# UR for restoration



## beermonster (Dec 31, 2004)

Bought this UR with the intention of doing a 2 year bare shell restoration......
http://www.iol.ie/~coupequattro/URarrival.html
For less than $200


----------



## [email protected] (Apr 9, 2004)

*Re: UR for restoration (beermonster)*

Wow, rough car but the price is right. Finding ANY UrQuattro that cheap is a steal. I saw one in Georgia that was missing two quarter panels and otherwise about in similar condition and the guy wanted like 3000 US dollars for it. Crazy.
You gonna go stock or build it? There are a couple 20V conversions here in the states that I've seen that were built by Sewickly Audi near Pittsburgh (I bet 2Bennett has done a bunch too). The black car by Sewickly was full RS2 spec motor.... pretty cool.
Good luck with the restoration. It should be an awsome car.


----------



## Sepp (Dec 10, 2002)

*Re: UR for restoration ([email protected])*

Thank you for taking on a restoration for such an important car.
Parts are easy to find in GB for urq's.


----------



## Fusilier (Apr 17, 2004)

*Re: UR for restoration (beermonster)*

Looks like that body is a late model. Is there any rust?
A full restoration? I like the idea, but How do you go about doing that since that chasis is missing so much?


----------



## beermonster (Dec 31, 2004)

*Re: UR for restoration (Fusilier)*

Will definitely be restored, as for wether it remains stock or not is yet undecided. It will probably get a 20V engine, that will depend on finance. I also have a 1985 Coupe Quattro (GT quattro in effect), which has a lot of common parts with the UR, so they can share spares....
The UR is my 2006-2007 project, will be finished in red...... with sunroof, no aircon, no abs, and a fibre tunklid if I can aquire one.
The car is in the UK at the moment, I've yet to see it myself, I bought it unseen..... WIll be moved to Ireland later in the year


_Modified by beermonster at 1:06 PM 2/18/2005_


----------



## Fusilier (Apr 17, 2004)

*Re: UR for restoration (beermonster)*

Awesome!
Do you know the history behind the car? Why was it stripped like that? 
The only ones I've seen so stripped have been complete rust buckets.
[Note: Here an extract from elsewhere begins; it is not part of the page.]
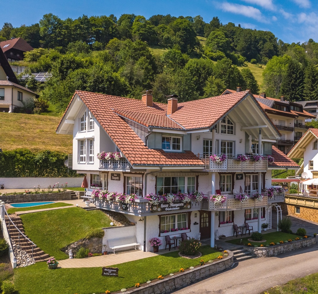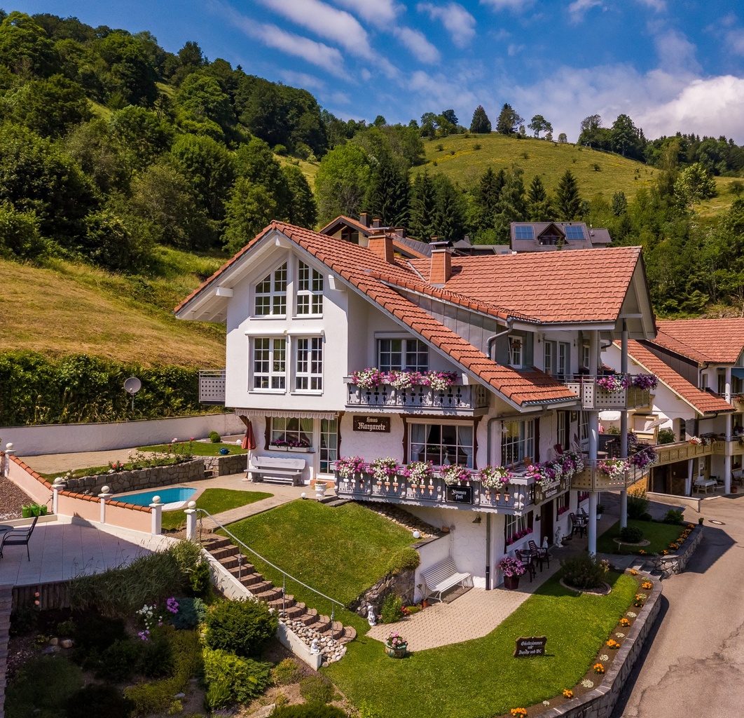 Ausenansicht Haus Margarete im Hintergrund grüne Wiesen und Wälder  - Außenansicht Haus Margarete im Sommer  - Frühstücks-/Aufenthaltsraum - Frühstücks-/Aufenthaltsraum - Doppelzimmer 1 - Doppelzimmer 2 - Terrasse mit herrlicher Aussicht - Skilift Rollspitz  - Das Skigebiet Wieden/Münstertal mit seinen 6 Liften ist zu Fuß erreichtbar.

That one doesn't look so bad.
James


----------



## FV 5 (Nov 21, 2003)

*Re: UR for restoration (Fusilier)*

Hey James ,
Looks like you have quite a project there .
George I have recently purchased the black 20V that was built at Sewickley (which is where I work)I am in the process of repairing flood damage that occured in September.
Gary


----------



## [email protected] (Apr 9, 2004)

*Re: UR for restoration (FV 5)*

Gary, let me know when you get it done. I'd love to drive out there and feature it.
Sorry to hear about the flood damage








That's a great dealership. I'm trying to remember the gentleman (one of the sales managers maybe, I know I'd know his name if I heard it) I met out there when I came out prior to the Vintage Grand Prix the year featured marque was Audi. That engine was on a stand and the car was just being built.
Do you guys get many projects like that? I know about the white one and the black one... any others?


----------



## FV 5 (Nov 21, 2003)

*Re: UR for restoration ([email protected])*

The guy you talked to was probably David Plattner,he's a great guy.
We don't do too much restoration type work but we currently have another flooded ur q that we are building for track use only .This car is owned by the service manager and is going to be low budget fun.
Gary


----------